Premier Greg Selinger promised to cut taxes for farmers and homeowning seniors Sunday, while the Conservatives continued to make new pledges on health care.

Selinger said a re-elected NDP government would eliminate the school tax for seniors, a move that the party projects would save them $35 million a year.

“By eliminating the school tax for seniors, they will no longer have that burden, and it will make it easier for them to remain in their homes for as long as they wish to,” the premier said at a home in Royalwood in the constituency of Southdale.

He also vowed to eliminate the education tax on all Manitoba farmland, which would save farmers a collective $14 million a year. In recent years, the NDP has provided increasingly higher credits to farmers in lieu of school taxes. The province is now offsetting 80 per cent of such taxes.

Selinger said the current NDP administration is “the only government we’re aware of” in Manitoba history to eliminate five taxes. The other three were the education support levy, the small-business tax and the capital tax on business, he said.

Progressive Conservative Leader Hugh McFadyen said the NDP’s tax-cut plan sounds as credible as its pledge in 1999 to end hallway medicine.

“It doesn’t sound at all as though he’s committed to keeping the promise,” McFadyen said. “It just sounds like a desperate promise and I think the numbers are being understated in terms of the impact on the budget.

“My first-blush response, when you exempt every senior from a property tax, is that it’s going to be significant.”

At a news conference at the campaign headquarters of River East PC candidate Bonnie Mitchelson, McFadyen said if he becomes premier, his government would spend $150,000 to create a patient-advocate website. It would guide Manitoban families through the health-care system, specifying such things as patient wait times, bed availability and other services like home care.

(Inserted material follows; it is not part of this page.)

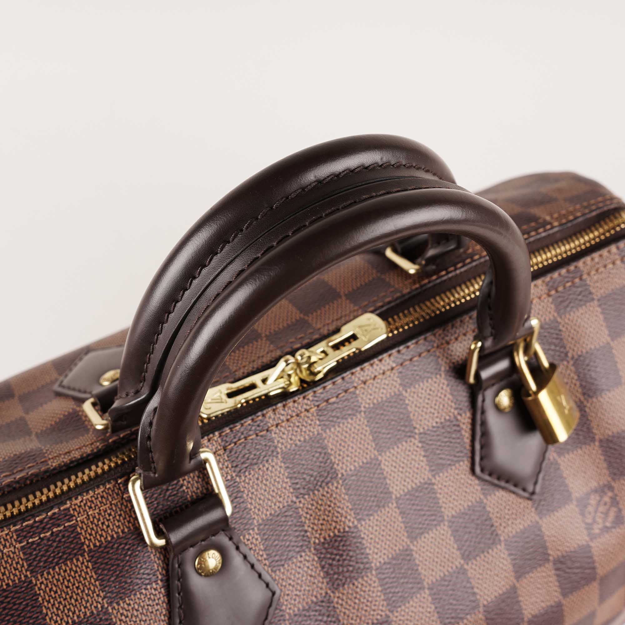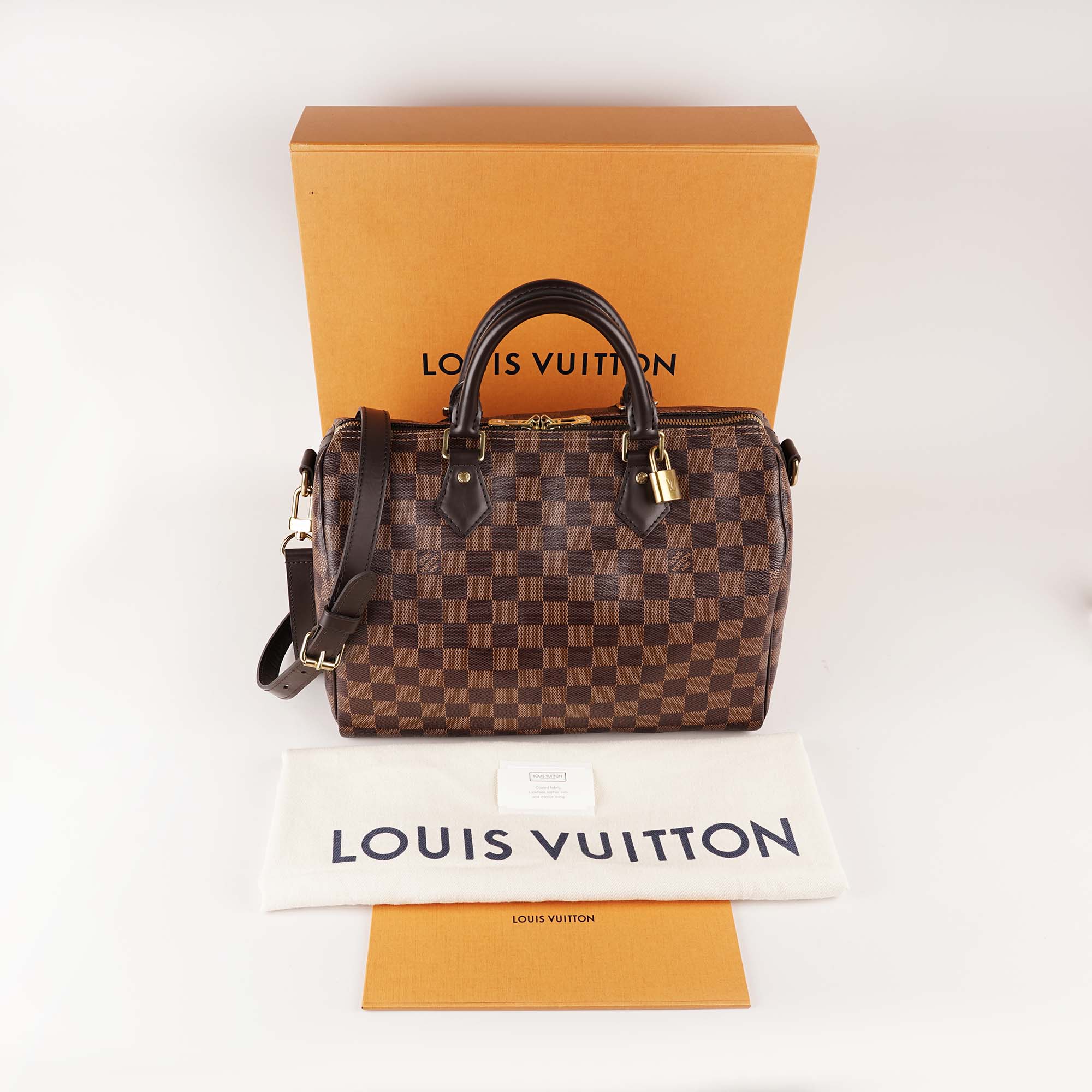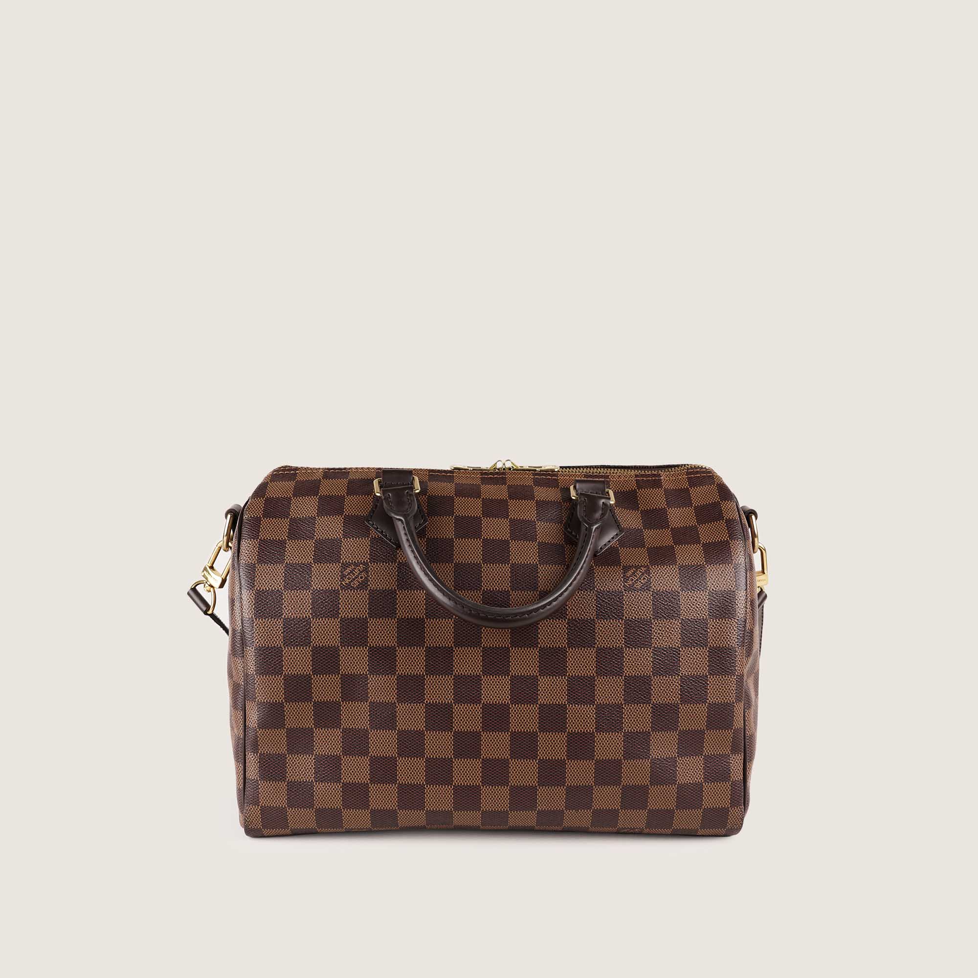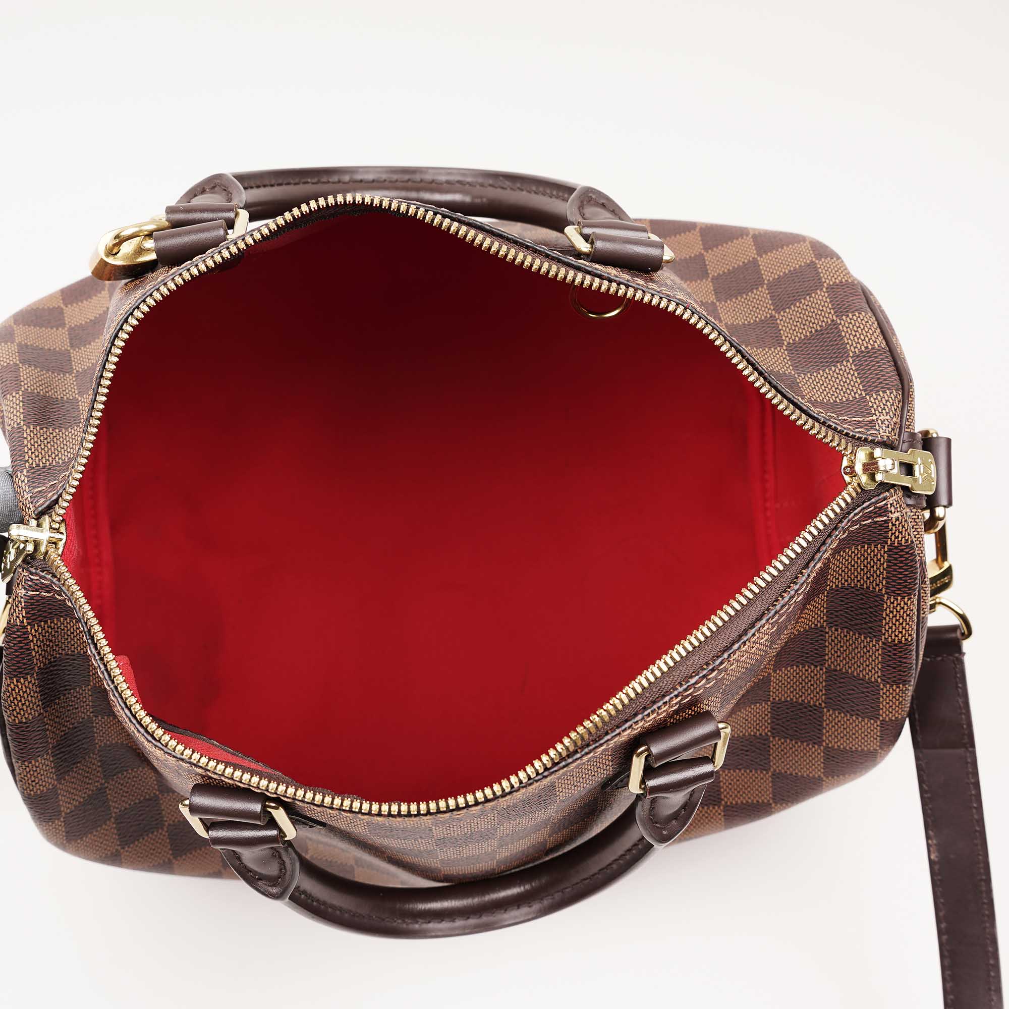 This is an authentic Louis Vuitton Speedy 30 Bandoulière Handbag in Damier Ebene Canvas.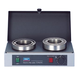 | 729659C/110V SKF Hot Plate The SKF hot plate heating device is especially designed for pre-heating batches of small bearings prior to mounting. The temperature of the plate can be adjusted to provide temperatures between 50 and 200C. The flat heating surfaces ensures even bearing heating and the cover helps retain heat and keep contaminants out. |

“It’s primarily directed at caregivers and they’re the ones who gave us the idea for this,” McFadyen said. “It’s modest, we realize, but it’s one way of providing them with more information.”

McFadyen said under the NDP, the information is scattered across multiple websites and links of Manitoba Health and the various regional health authorities. He said a PC government would also create a seniors health-care hotline with information on seniors health care.

As well, it would introduce geriatric emergency management nurses at the Grace and Concordia hospitals. The plan calls for specialized nurse clinicians to conduct comprehensive geriatric assessments, assist emergency staff with admissions, arrange for appropriate supports in the community and educate staff, patients and caregivers about geriatric issues. The program is based on one already in place in Ontario.

River East is one of several ridings at play this election as the NDP has made steady gains there in the past two votes. Mitchelson has represented it since 1986, but won it by only 52 votes over the NDP’s Kurt Penner in 2007. Penner is running again this election.

Meanwhile, Southdale — the location of Selinger’s announcement on Sunday — was Tory territory until the NDP’s Erin Selby stole it from the Conservatives in 2007.